#### EXERCISE GOAL:
In the entries below, locate the line with "Catenella portaciuccio in", then give again that line and all lines after it, exactly, with pictures omitted.

#### DATA SHOWN:
________________

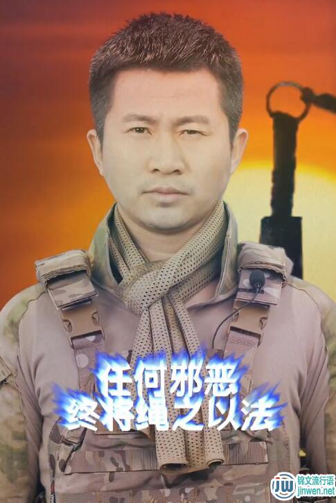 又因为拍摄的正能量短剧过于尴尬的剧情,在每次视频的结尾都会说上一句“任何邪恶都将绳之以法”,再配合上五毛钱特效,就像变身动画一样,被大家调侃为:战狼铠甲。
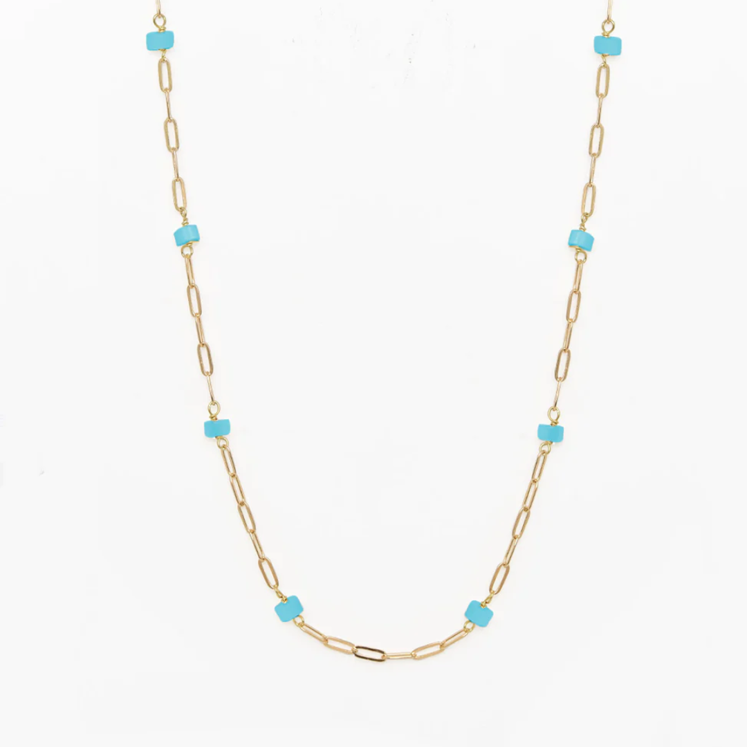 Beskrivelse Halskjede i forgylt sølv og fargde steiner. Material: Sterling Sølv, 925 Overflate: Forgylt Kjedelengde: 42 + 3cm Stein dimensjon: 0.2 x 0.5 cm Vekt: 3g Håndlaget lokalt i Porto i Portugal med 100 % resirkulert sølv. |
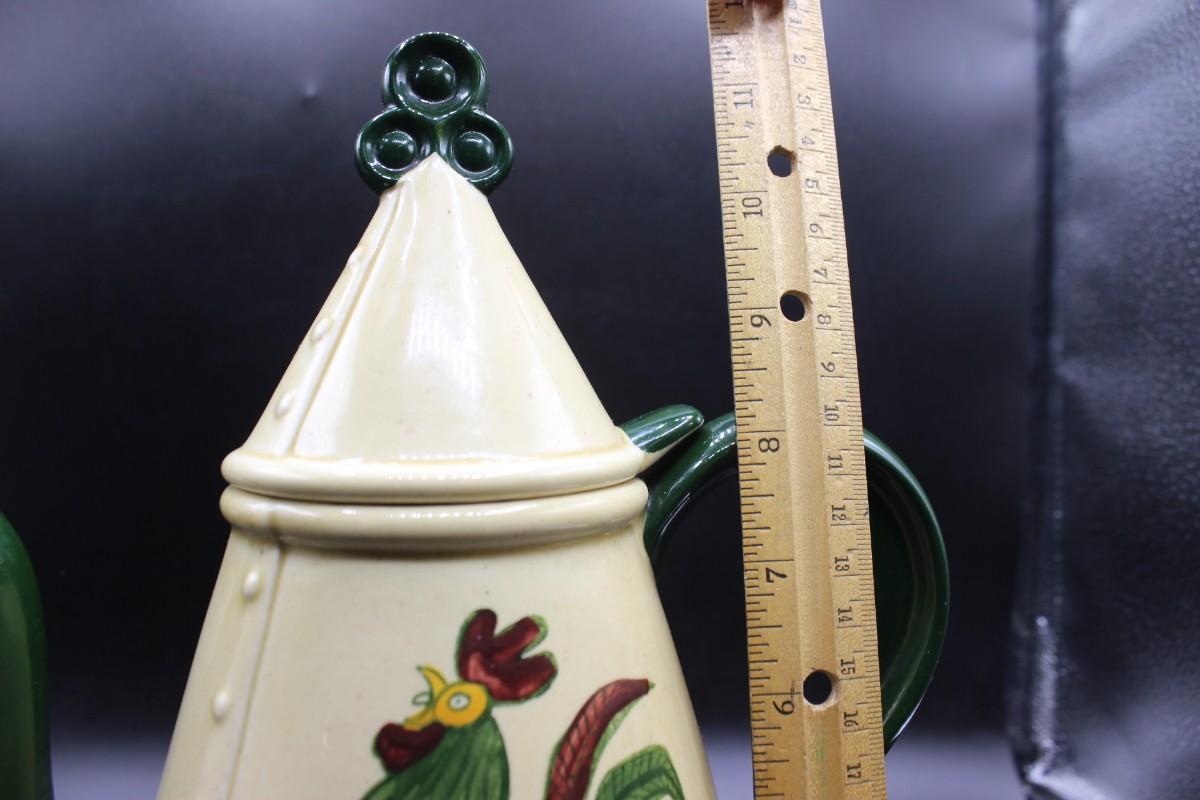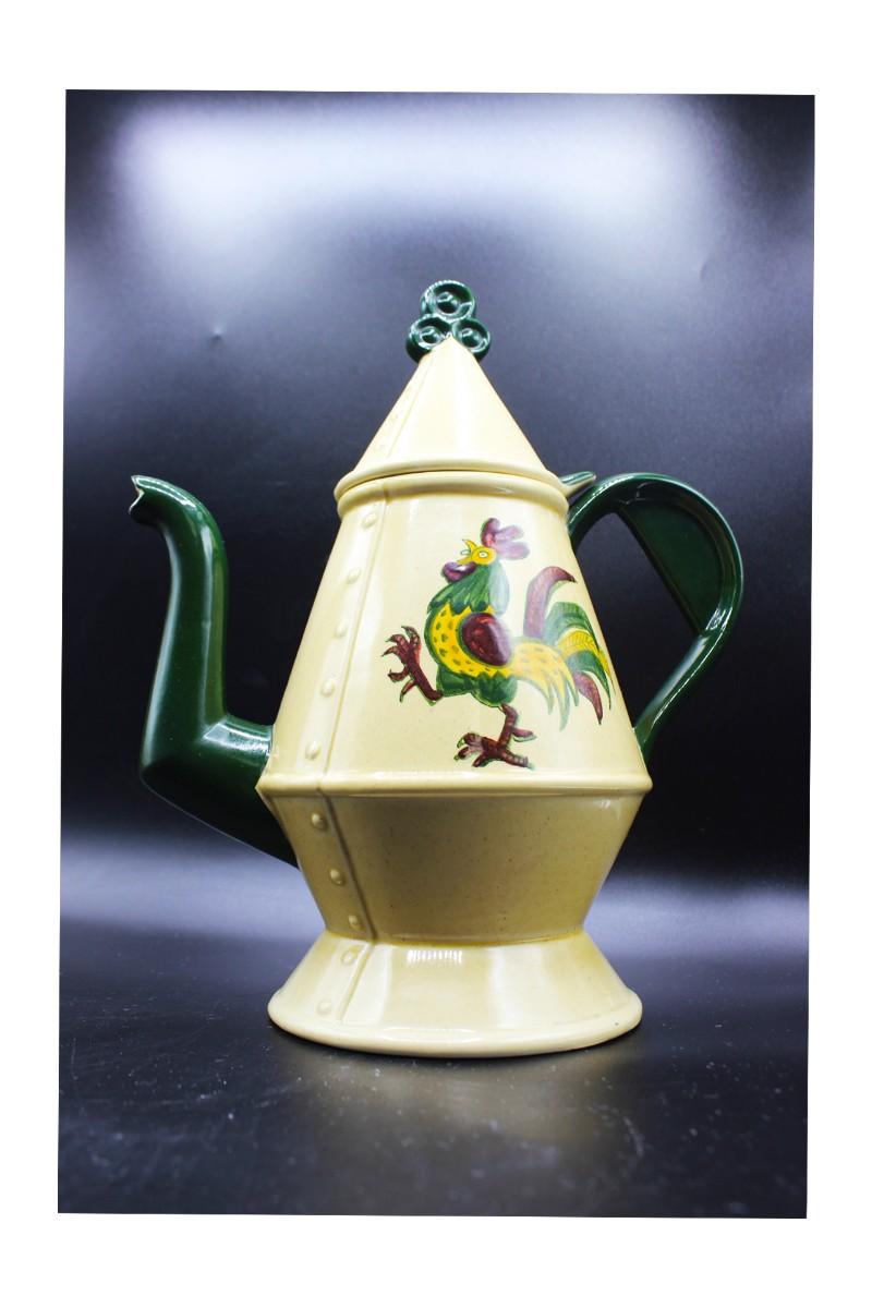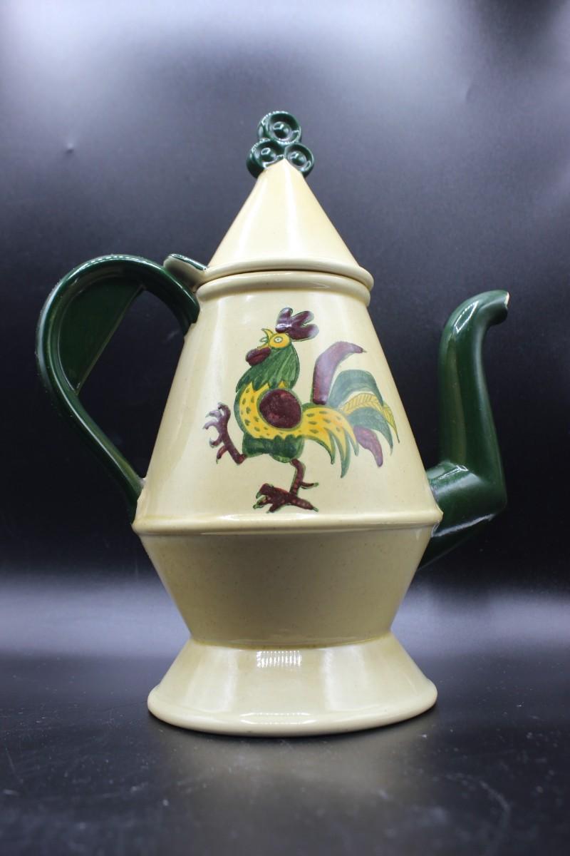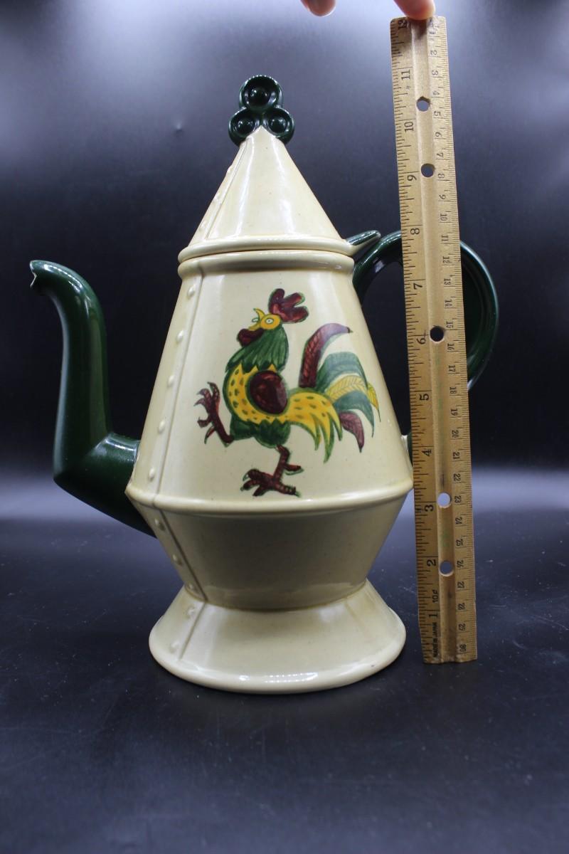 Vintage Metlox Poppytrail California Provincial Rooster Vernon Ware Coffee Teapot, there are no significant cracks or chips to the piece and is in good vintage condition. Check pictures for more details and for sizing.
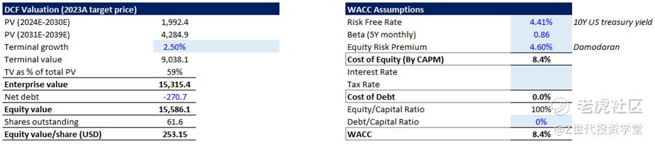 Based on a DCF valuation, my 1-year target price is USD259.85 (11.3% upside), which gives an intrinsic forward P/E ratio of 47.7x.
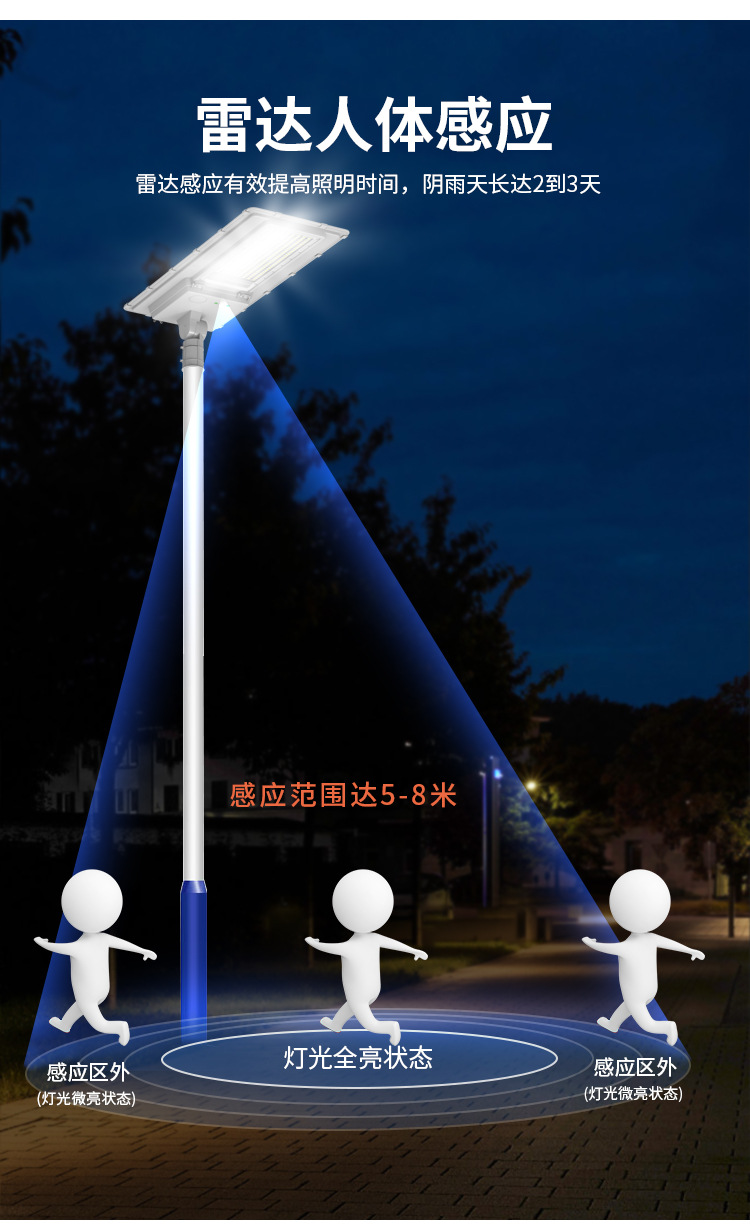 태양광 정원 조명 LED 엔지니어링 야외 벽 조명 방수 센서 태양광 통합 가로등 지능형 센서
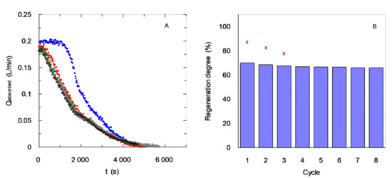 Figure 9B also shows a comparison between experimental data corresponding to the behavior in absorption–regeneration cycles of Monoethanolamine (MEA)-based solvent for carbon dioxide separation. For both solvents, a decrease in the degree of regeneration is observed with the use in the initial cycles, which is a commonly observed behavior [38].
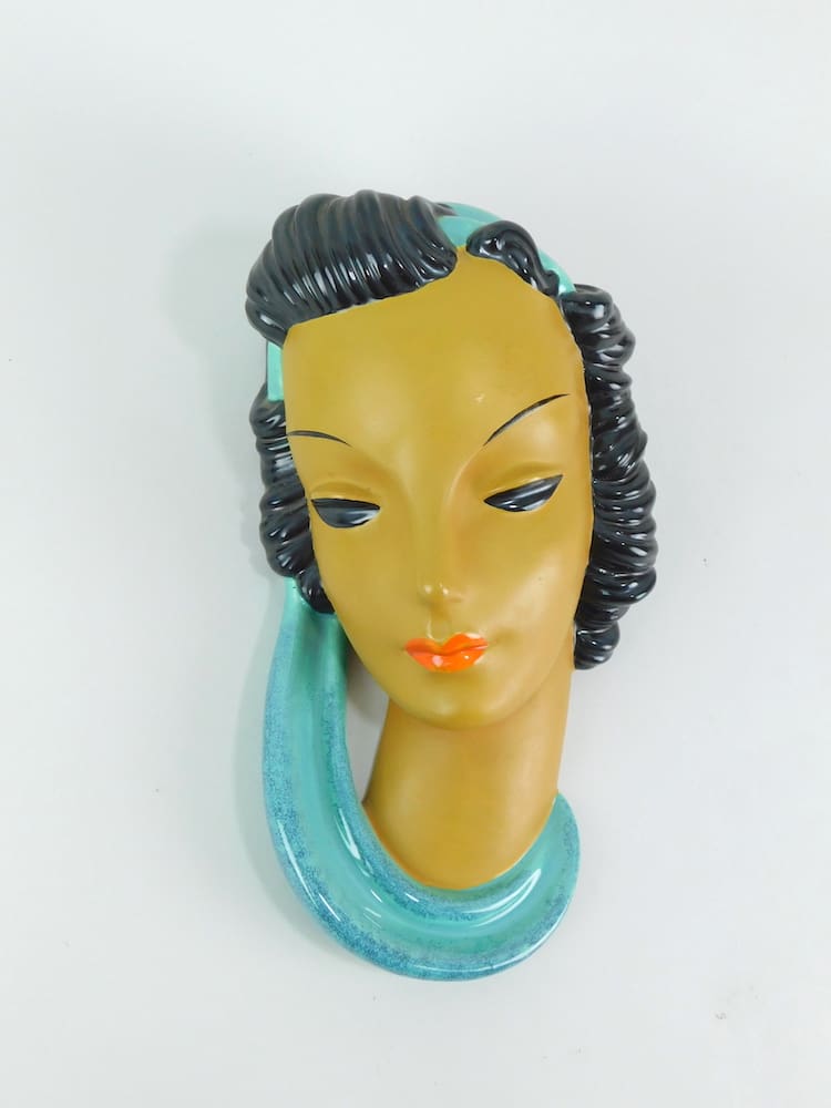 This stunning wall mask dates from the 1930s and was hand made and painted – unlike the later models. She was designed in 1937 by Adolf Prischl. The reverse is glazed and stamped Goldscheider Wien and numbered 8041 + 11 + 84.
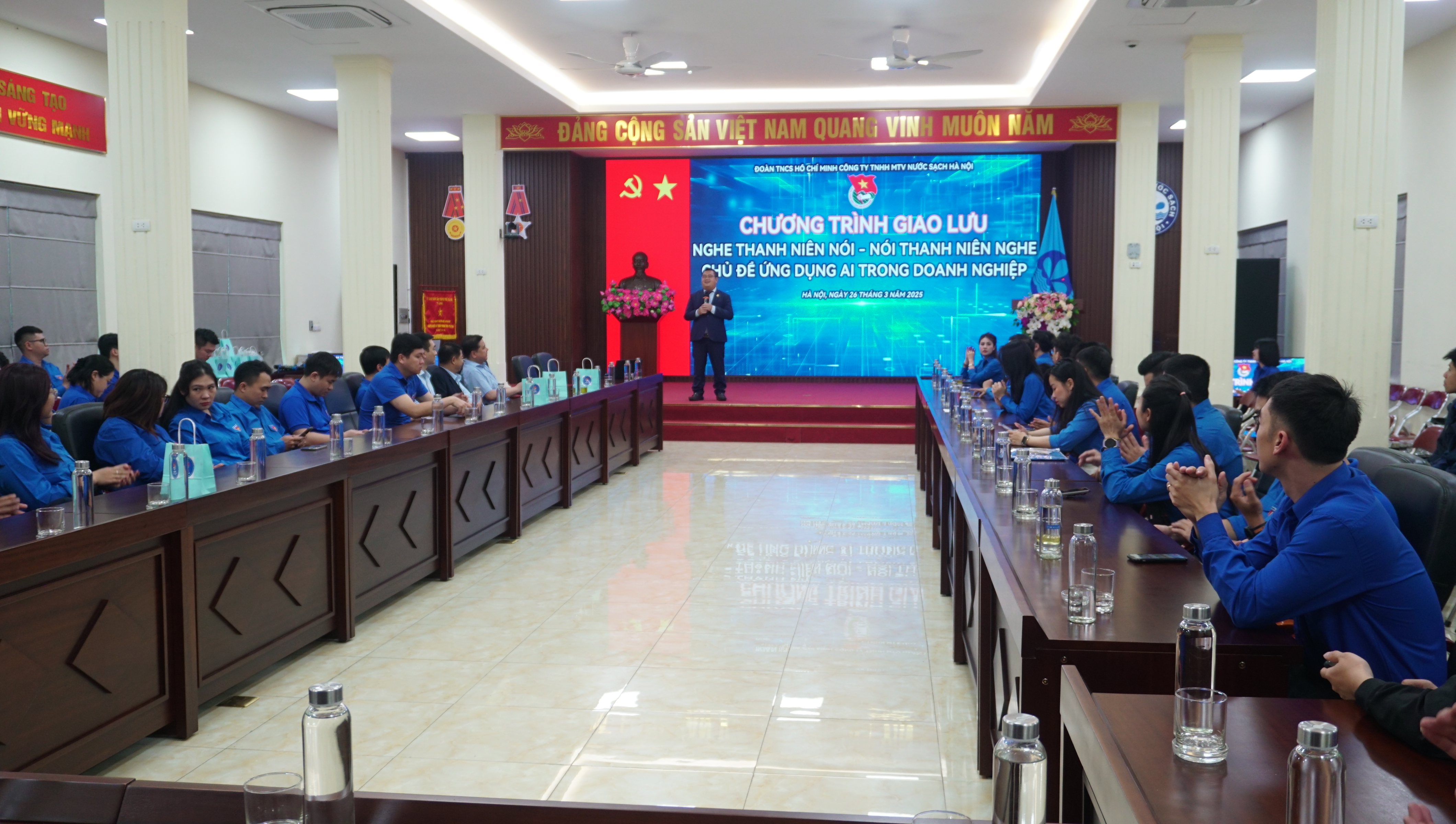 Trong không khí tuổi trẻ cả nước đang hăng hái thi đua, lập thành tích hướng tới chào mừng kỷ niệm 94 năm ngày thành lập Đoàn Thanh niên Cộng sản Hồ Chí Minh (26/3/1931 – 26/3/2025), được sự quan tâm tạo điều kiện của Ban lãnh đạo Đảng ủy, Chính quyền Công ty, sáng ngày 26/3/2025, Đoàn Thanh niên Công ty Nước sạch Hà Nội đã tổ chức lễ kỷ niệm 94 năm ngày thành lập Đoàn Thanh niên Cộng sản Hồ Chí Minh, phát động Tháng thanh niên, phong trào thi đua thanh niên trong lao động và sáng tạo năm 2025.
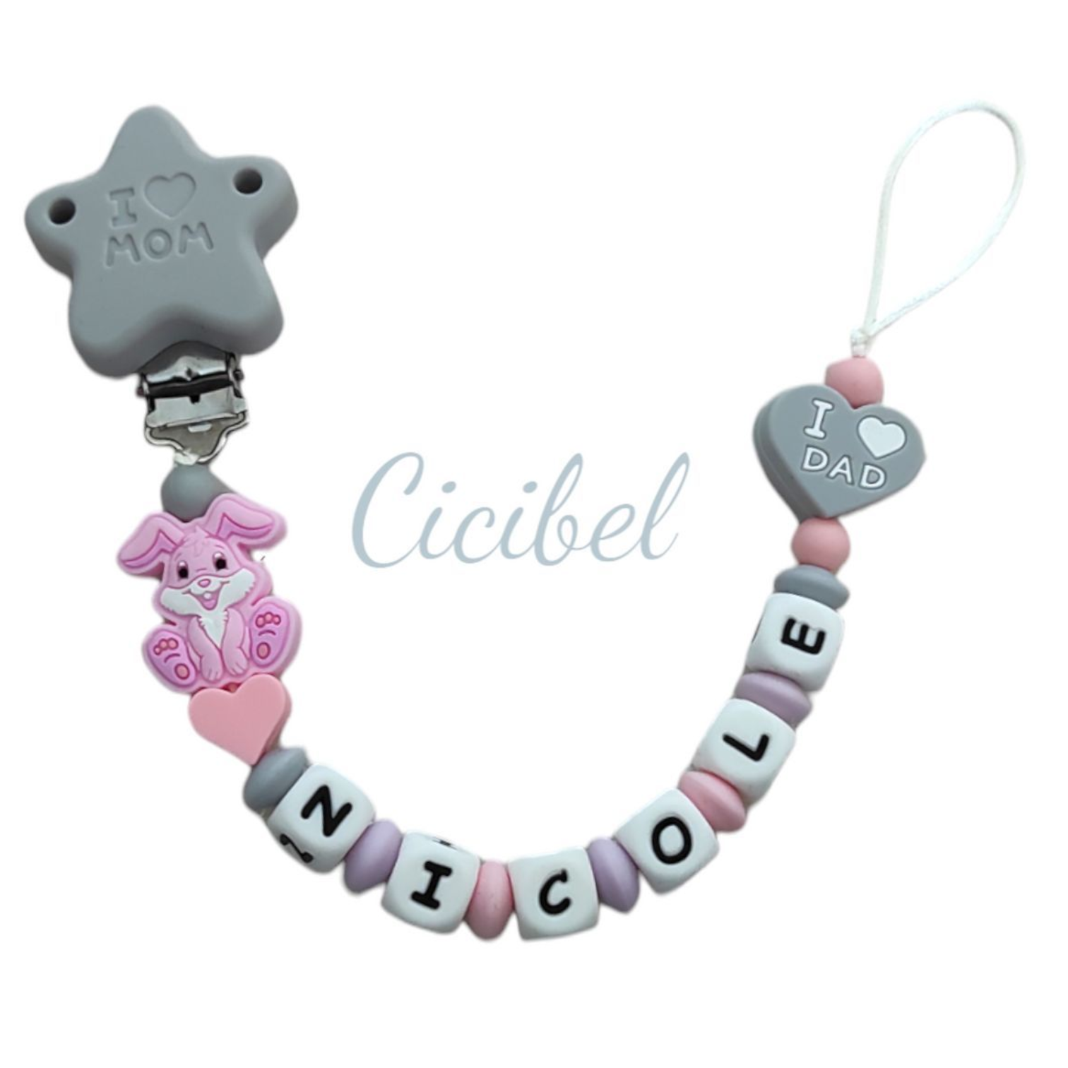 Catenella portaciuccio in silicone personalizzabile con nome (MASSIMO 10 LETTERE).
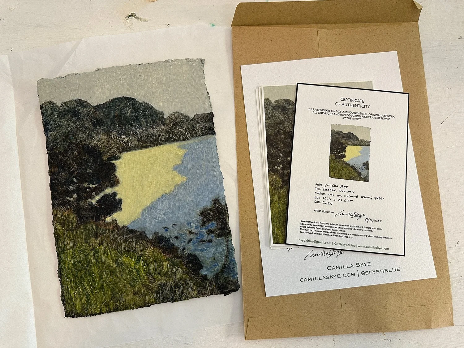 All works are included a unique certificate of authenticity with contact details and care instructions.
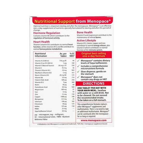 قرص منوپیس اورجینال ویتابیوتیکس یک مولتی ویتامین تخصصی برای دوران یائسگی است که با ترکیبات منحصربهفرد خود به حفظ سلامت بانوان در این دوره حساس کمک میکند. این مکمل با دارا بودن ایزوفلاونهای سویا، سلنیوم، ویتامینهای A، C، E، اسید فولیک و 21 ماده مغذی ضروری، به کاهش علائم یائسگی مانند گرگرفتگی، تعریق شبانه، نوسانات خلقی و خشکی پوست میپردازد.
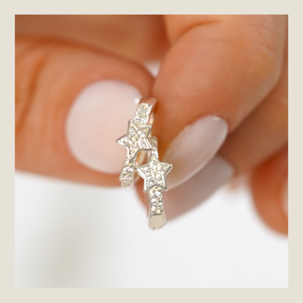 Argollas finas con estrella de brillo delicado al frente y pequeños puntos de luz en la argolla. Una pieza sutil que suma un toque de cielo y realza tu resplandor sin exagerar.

________________

#### OUTPUT OF THE TASK:
 Catenella portaciuccio in silicone personalizzabile con nome (MASSIMO 10 LETTERE).
 All works are included a unique certificate of authenticity with contact details and care instructions.
 قرص منوپیس اورجینال ویتابیوتیکس یک مولتی ویتامین تخصصی برای دوران یائسگی است که با ترکیبات منحصربهفرد خود به حفظ سلامت بانوان در این دوره حساس کمک میکند. این مکمل با دارا بودن ایزوفلاونهای سویا، سلنیوم، ویتامینهای A، C، E، اسید فولیک و 21 ماده مغذی ضروری، به کاهش علائم یائسگی مانند گرگرفتگی، تعریق شبانه، نوسانات خلقی و خشکی پوست میپردازد.
 Argollas finas con estrella de brillo delicado al frente y pequeños puntos de luz en la argolla. Una pieza sutil que suma un toque de cielo y realza tu resplandor sin exagerar.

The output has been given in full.